> **Exercise objective**
The required result is an exact copy of every line from the one with "Alex Carmeli is" through the last line below, with the pictures left out.

> **Data**
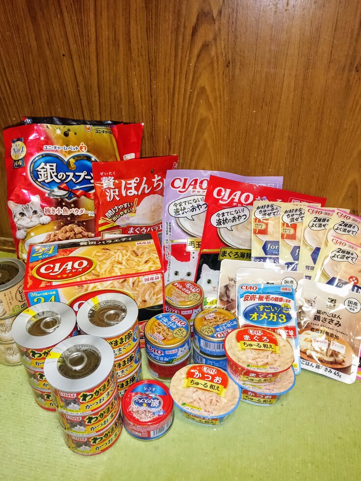 皆様のご支援のお陰様で猫ちゃん達の餌を沢山買うことが出来ました、本当に心から感謝致します🙇
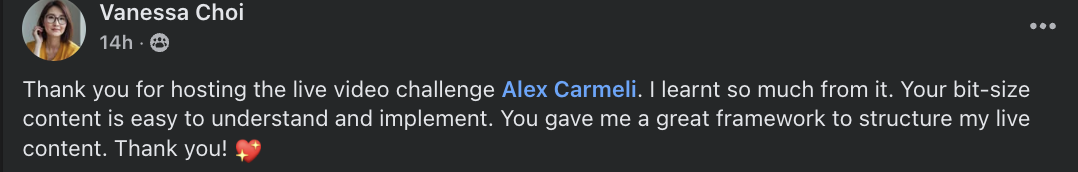 Alex Carmeli is a Video Marketing Strategist living Austin, TX. She is also the founder of the e-learning company Unscripted Moment which helps coaches & course creators build authentic live video experiences that drive income & impact. She is proud to have helped over 2k entrepreneurs create profitable & impactful videos!
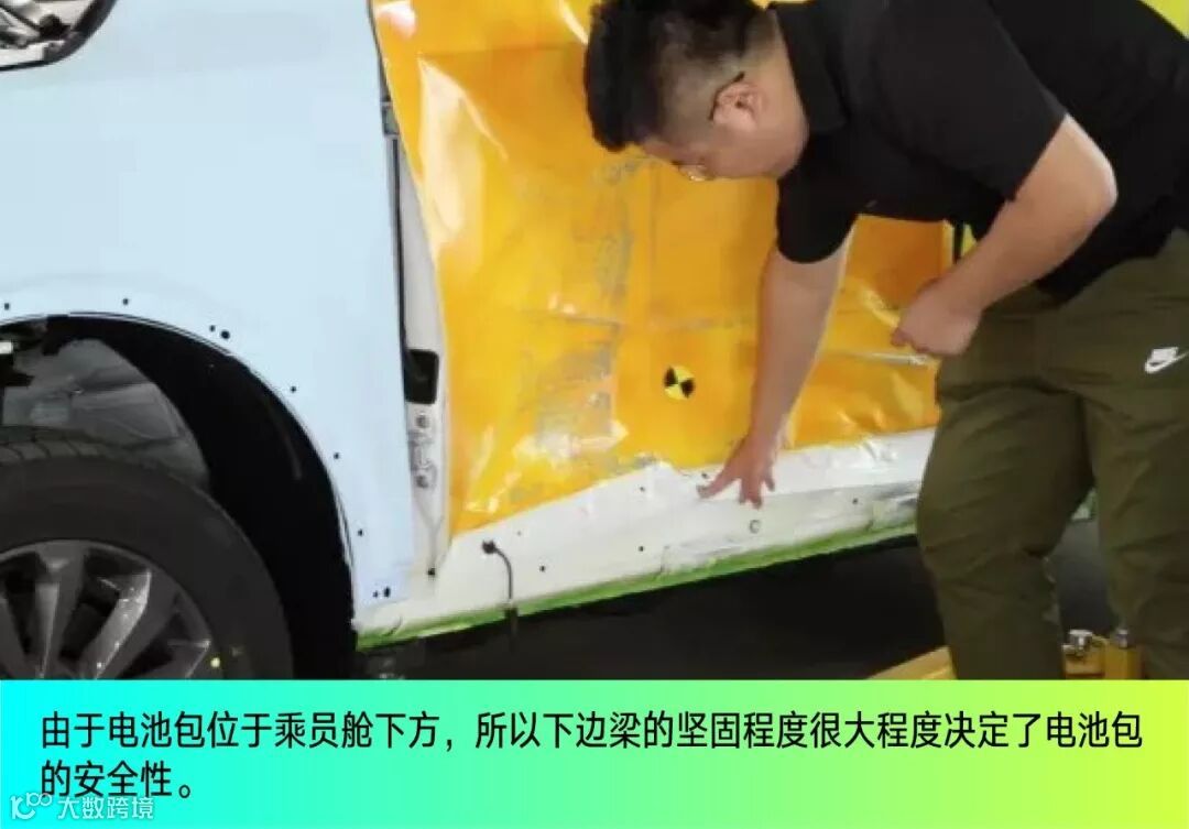 从外观上看,碰撞后的试验车前后侧门板都有不同程度的受损,下边梁上方的钣金有些许的翘曲。但整个下边梁主体并没有明显变形。
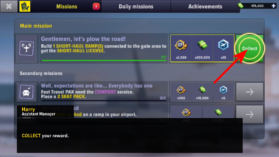 4、在任務(wù)界面中,點(diǎn)擊紅色箭頭指向的Collect按鈕,領(lǐng)取完成主線任務(wù)后的獎勵,獲取資源與許可證,助力機(jī)場的進(jìn)一步發(fā)展。

> **Response**
 Alex Carmeli is a Video Marketing Strategist living Austin, TX. She is also the founder of the e-learning company Unscripted Moment which helps coaches & course creators build authentic live video experiences that drive income & impact. She is proud to have helped over 2k entrepreneurs create profitable & impactful videos!
 从外观上看,碰撞后的试验车前后侧门板都有不同程度的受损,下边梁上方的钣金有些许的翘曲。但整个下边梁主体并没有明显变形。
 4、在任務(wù)界面中,點(diǎn)擊紅色箭頭指向的Collect按鈕,領(lǐng)取完成主線任務(wù)后的獎勵,獲取資源與許可證,助力機(jī)場的進(jìn)一步發(fā)展。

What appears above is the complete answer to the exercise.